Shea Tuberty, PhD, wearing a dark blue sweater, in front of a black background

Shea Tuberty, PhD

Department of Biology, Appalachian State University

He / Him / His

Dr. Tuberty received his B.A. at Vanderbilt Univ and M.S. and PhD at Tulane Univ and teaches Ecotoxicology, Invertebrate Zoology, Biological Concepts, and field courses in Belize, New Zealand and Australia at Appalachian State Univ in Boone, NC. The Tuberty Lab (including high school, undergraduate, & M.S. students) is focused on a variety of interests related to southeastern ecotoxicology, ecophysiology and aquatic ecology issues.
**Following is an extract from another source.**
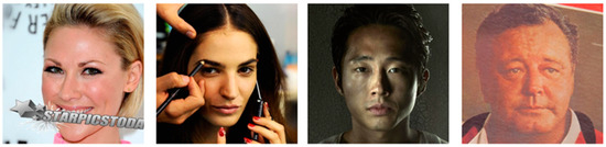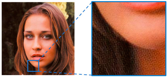 While preparing the images, it was also observed that some photos exhibited face occlusion or poor lighting conditions, as depicted in Figure 9. Using these photos as real images could potentially affect the accuracy of the discrimination judgments between real and fake images during the training process. Consequently, the training effectiveness of the generative model may be constrained, as the feedback of the discriminator is essential for guiding the learning process of the generator. These flawed photos were excluded from the self-built dataset in this study. In addition, it was observed that many photos appeared clear at first glance, but upon magnification, the noise became apparent, as illustrated in Figure 10. This situation could potentially lead the generative model to extract unnecessary features from the noisy images, ultimately degrading the quality of the generated output. Therefore, it is imperative to meticulously examine each photo by zooming in to check for noise and optimize the image quality of the dataset as much as possible. In CelebA-HQ, the majority of the images are of American celebrities. The dataset may likely be skewed towards individuals with lighter skin tones. Gathering a diverse set of images representing different skin tones can indeed be a challenging task. Combining multiple datasets with different color tones can help overcome the limitations in using a single source. Also, data augmentation techniques could be helpful for artificially increasing the diversity of the dataset. In this work, a total of 224 images were prepared for each of the four following datasets: Pale White, Light Brown, Dark Brown, and Deep Dark Brown. After image augmentation, 1792 images were prepared for the consequent model training.

At the root of our efforts is a passion for sustainable management of water resources. In recent years we have worked on the endocrine disrupting effects of sewage effluents on fish, industrial poultry and hog waste soil amendment practices on soil and water quality, impacts of coal ash spills on water quality and aquatic community assemblages, toxin bioaccumulation, impacts of local toxin spills (e.g. NaOH, insecticides, coal tar asphalt resealants, coal ash), stream restoration/dam removal projects and stream recovery, and are very involved in the North American SETACCarolinas SETAC conferences

Zhen Wang wearing a dark blue denim jacket over a red shirt

Zhen Wang, PhD Candidate

Earth & Climate Sciences, Duke University

He / Him / His

Mr. Wang is an environmental geochemist. He received his B.S. and M.S. in China in June 2015 and 2018, respectively. He then began his Ph.D. studies at Duke University since August 2018. By using geochemical and isotopic tools, his research focuses on tracing the impacts of coal ash and its associated metal(loid) contaminants on both terrestrial and aquatic environments. Ms. Wang also studies the persistent pollution of Pb and other hazardous metal(loid)s in both pristine and urban environments and its implications for human health. He has published 13 peer-reviewed papers in high-impact journals including Environmental Science & Technology, Environmental Science & Technology Letters, Science of the Total Environment, and Global Biogeochemical Cycles.